Müsesses nizamın Şubat 2020 Genel Seçimlerinde ve Haziran 2021 Cumhurbaşkanlığı Seçimlerinde uyguladığı seçim mühendisliklerinin ardından önce yasama ardından yürütme erkleri tamamen muhafazakâr cenahın kontrolüne geçmiştir. Söz konusu mühendisliğin neticesi olarak hem reformcu hem ılımlı kesimler siyaseten diskalifiye edilmiştir. Genel seçimlerin ardından 290 sandalyeli Meclisin dörtte üçünü ele geçiren muhafazakâr cenahlar önce Meclis Başkanlığı, Meclis Başkanlık Heyeti ve komisyon başkanlıkları için kendi aralarında sıkı bir rekabete girmiştir.

İslam Devrimi Direniş Cephesi, Hizmet Cephesi (Ahmedinejad’ın eski çalışma arkadaşları) ve İslami Koalisyon Partisi kendisini neo-muhafazakâr olarak tanımlayan Muhammed Bakır Kalibaf’ın Meclis başkanı olmaması için her türlü çabayı sergilemelerine rağmen buna engel olamamıştır. Zira sızan ses kaydında Taib, o gün Meclise girmeye hak kazanmış olan bugünkü Tahran Büyükşehir Belediye Başkanı Ali Rıza Zakani’nin Kalibaf’ın Meclis Başkanlığı hususunda Devrim Rehberi Hamenei’ye yazdığı mektuba aldığı yanıtta, Kalibaf’ın başkan olmasının maslahata uygun olacağını belirttiğini ifade etmiştir. Söz konusu üç grup Kalibaf’ın Tahran Belediye Başkanlığı Dönemi’nde (2005-2017) emlak yolsuzluklarının yanı sıra büyük altyapı projelerinde de yolsuzluklara bulaştığı gerekçesiyle Meclis Başkanlığına engel olmaya çalışmışlardır. Hamenei’nin desteğine rağmen her yıl 28 Mayıs tarihi yaklaştıkça bu üç grup bir kez daha aynı iddiaları gündeme taşıyarak bir kez daha Kalibaf’ın Meclis Başkanlığına engel olmaya çalışmaktadır.

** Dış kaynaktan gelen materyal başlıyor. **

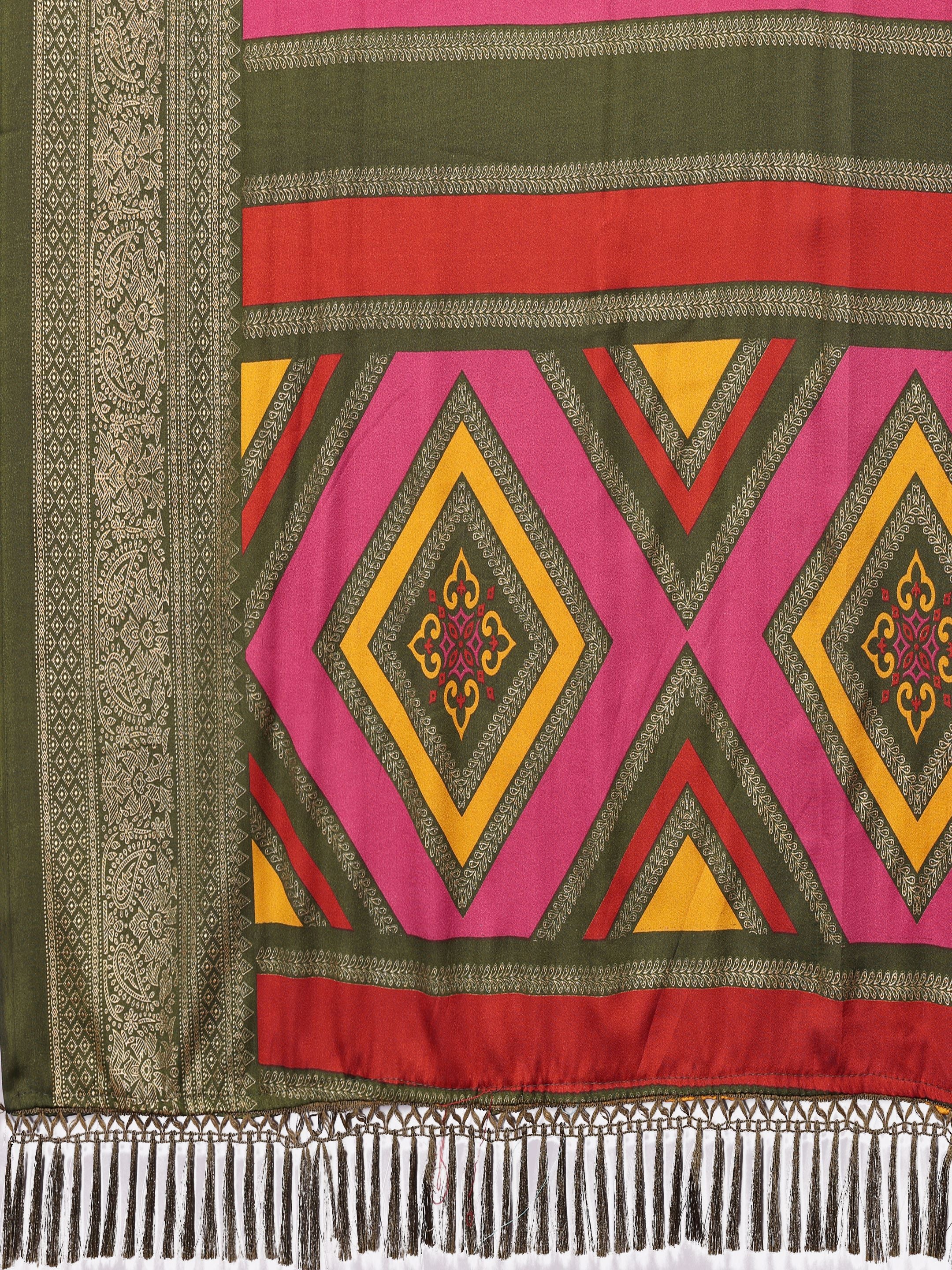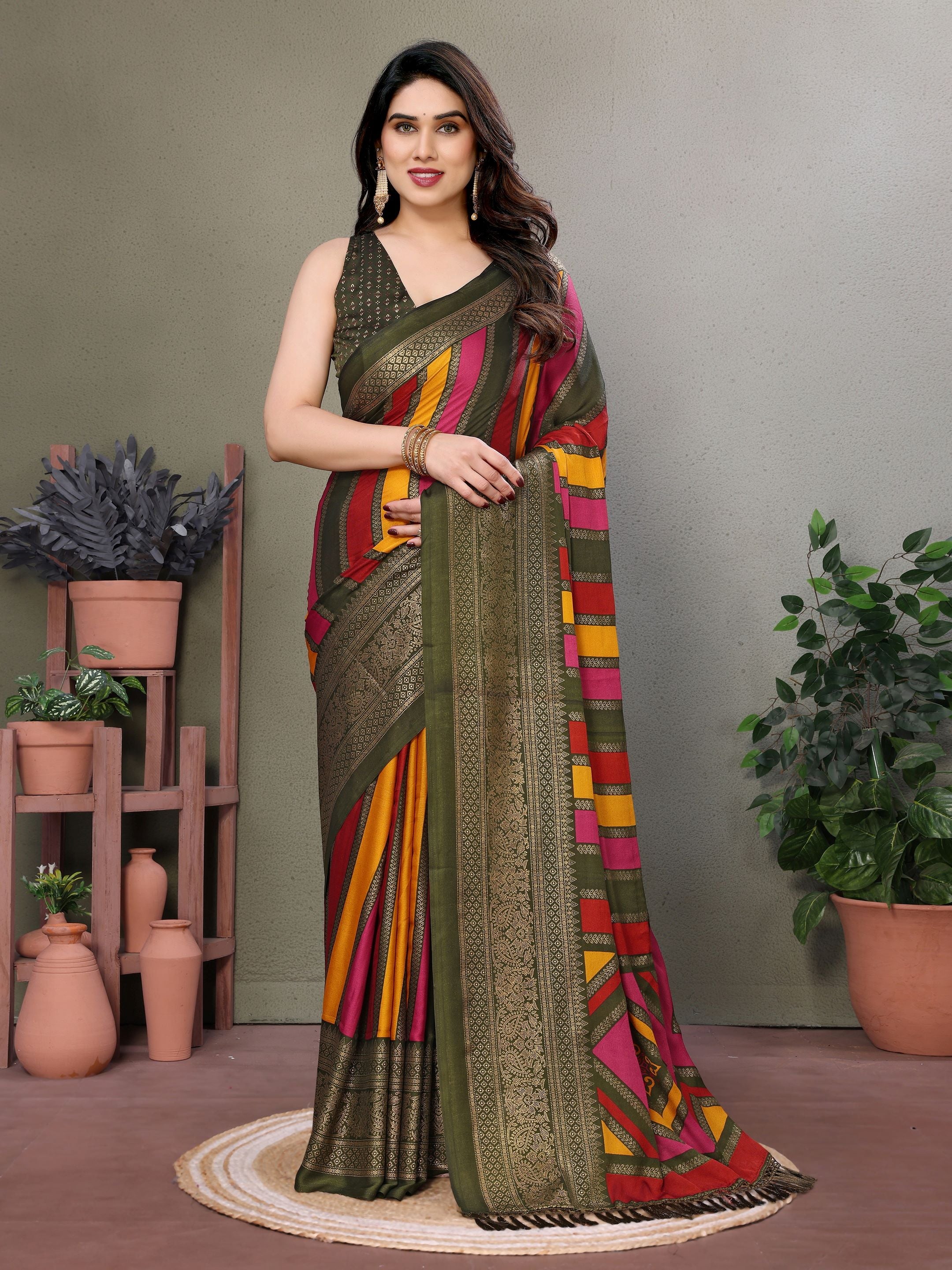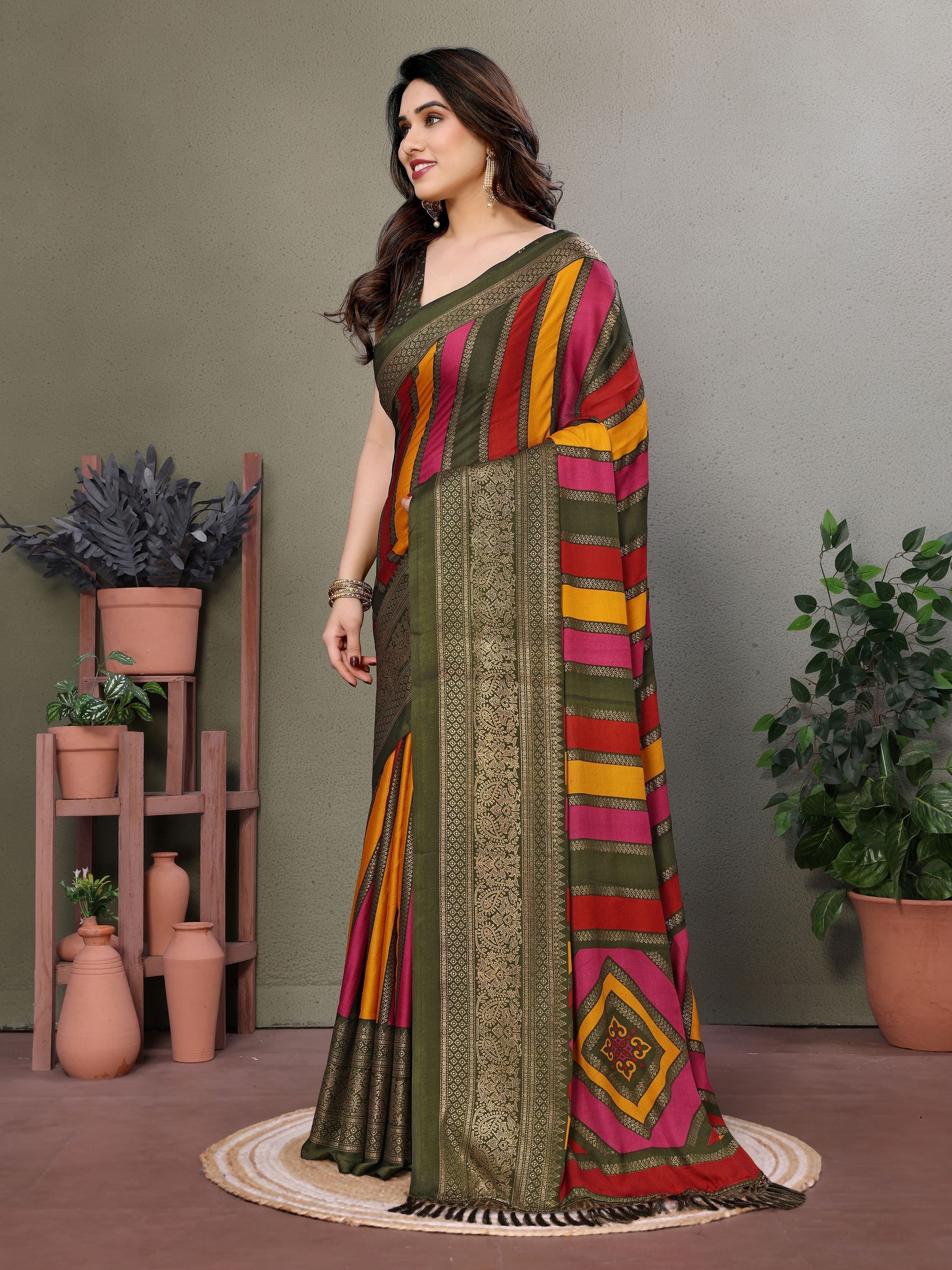 Mehendi Green Striped Embellished Foil Printed Georgette silk saree
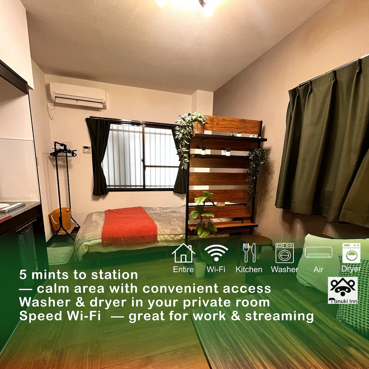 🏠 大阪市生野区新今里隐于市井的关西风情民宿,搭乘近铁线可直达日本桥/难波/京瓷巨蛋。超赞房东。 连住优惠 「沉浸式大阪生活」— 下楼接地气,回家是疗愈力 🎏 **周边宝藏** - 凌晨依旧热闹的**新今里商店街**(人均1000日圆吃垮大阪) - 当地人私藏居酒屋、钱汤 - 步行15分左右可达**生野区韩国城**(道地韩国烤肉、超市) 🏡 房源特色 - 25㎡+现代化设备/高速WiFi/洗衣机 - 房东备齐:微波炉/电磁炉/冰箱 - 贴心细节:24小时自助入住 ❗ 真诚提示 - 房间面积25㎡(典型日式紧凑户型,但布置合理) - 近商业街(低楼层房偶有市井声,备有静音耳塞) 👇 预订须知 -在您入住期间,每位房客都会提供一条洗脸毛巾和一条浴巾。您也可以随时使用洗衣机来清洗衣物。
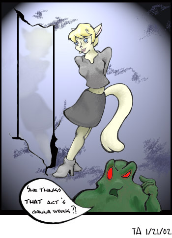 Note: All fanfic and/or RPG characters mentioned on this page are the property of their respective creators and/or players. The SWAT Kats and associated characters from the cartoon SWAT Kats: The Radical Squadron are copyright Hanna-Barbera Cartoons Inc. All Rights Reserved. © 1995. All artwork on this page is the property of Kristen Sharpe/T.L. Amos.
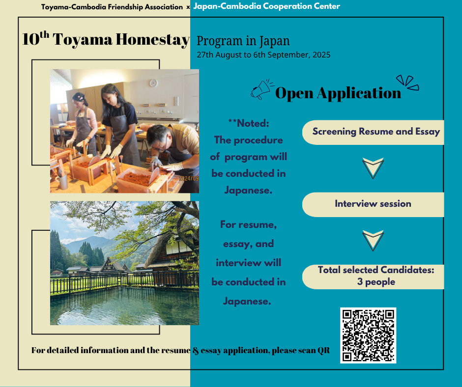 The Cambodia-Japan Cooperation Center is colloborating with Toyama-Cambodia Friendship Association to host the homestay program in Toyama Prefecture, Japan from 27th August to 6th September, 2025.
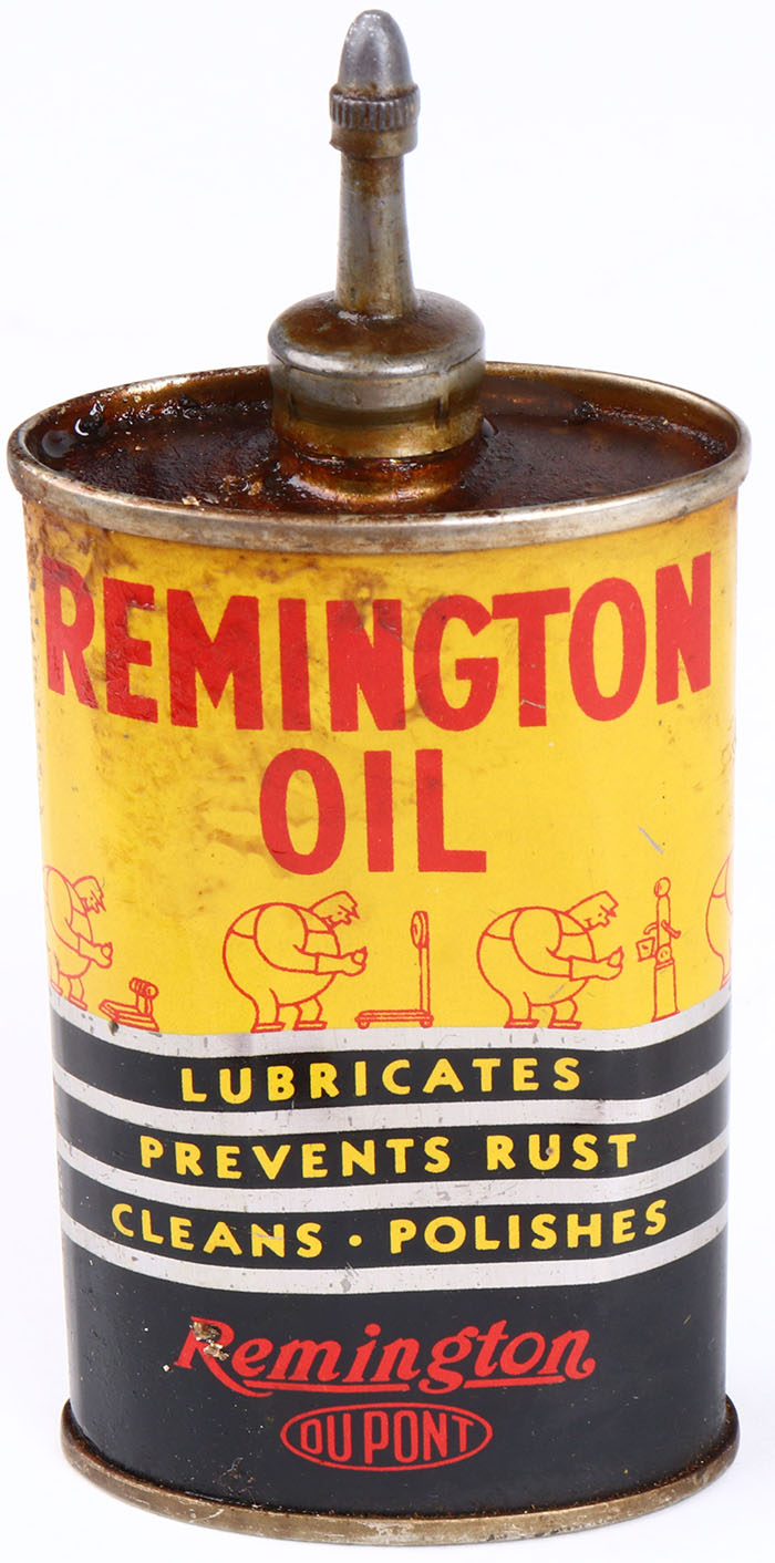 Remington oil tin, lead spout and lead cap, partial, oil is leaking out. Grade: Excellent - Value: 10 to 50
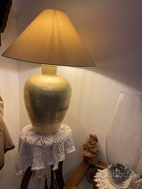 Lume con base in ottone martellato, peralume in stoffa beige, attacco lampada edison. Altezza. 64cm diametro58. Ottime condizzioni. Come da foto.
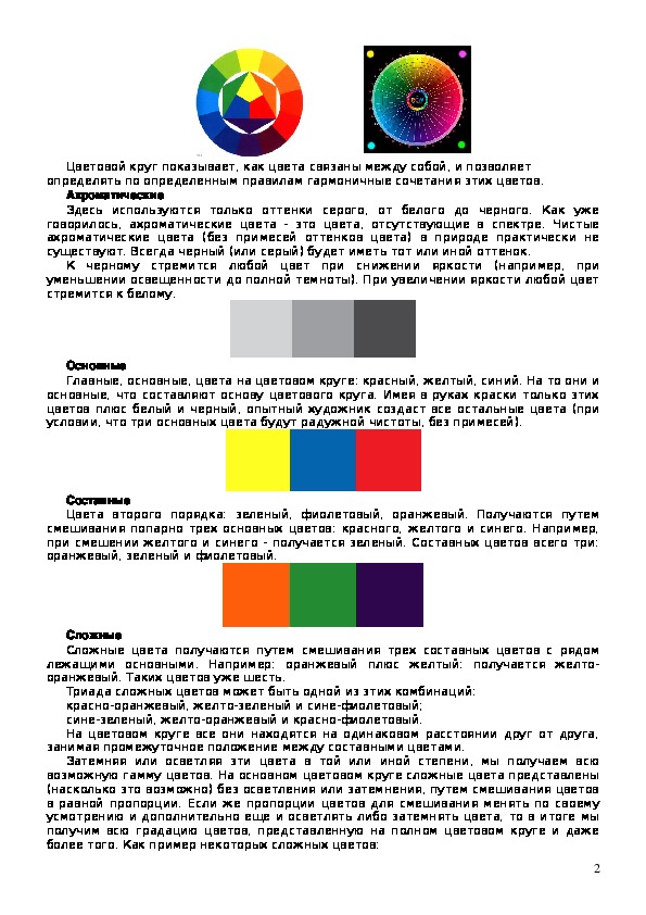 возможную гамму цветов. На основном цветовом круге сложные цвета представлены

Hamenei’nin açık desteğine rağmen muhafazakâr cenahın Kalibaf’a yönelik muhalefeti sona ermiş değil. Oysa dinî-siyasi literatüre göre veli-yi fakihin (Devrim Rehberi) talimatına uymak ve itaat etmek vacip olmasına karşın söz konusu üç grubun Kalibaf’a muhalefetlerinin devam ediyor olması, sistem içerisinde daha başka derin krizlerin olduğunu da göstermektedir. Reformcu ve ılımlı kesimlerin oyun dışı bırakıldığı yeni dönemde muhafazakâr cenahın sanıldığı gibi homojen bir yapıya sahip olmadığı ve kendi içerisinde farklı güç bloklarına ayrıldığı apaçık ortadadır. Bu grupların hem din adamları hem DMO içerisinde uzantıları bulunmaktadır. Dolayısıyla Hamenei sonrası kimin devrim rehberi olacağı muamması devam ederken her grup kendi adayının şansını artırma çabasındadır. Bu yüzden Meclis Başkanlığı doğrudan olmasa da söz konusu süreçte dolaylı bir etkiye sahiptir.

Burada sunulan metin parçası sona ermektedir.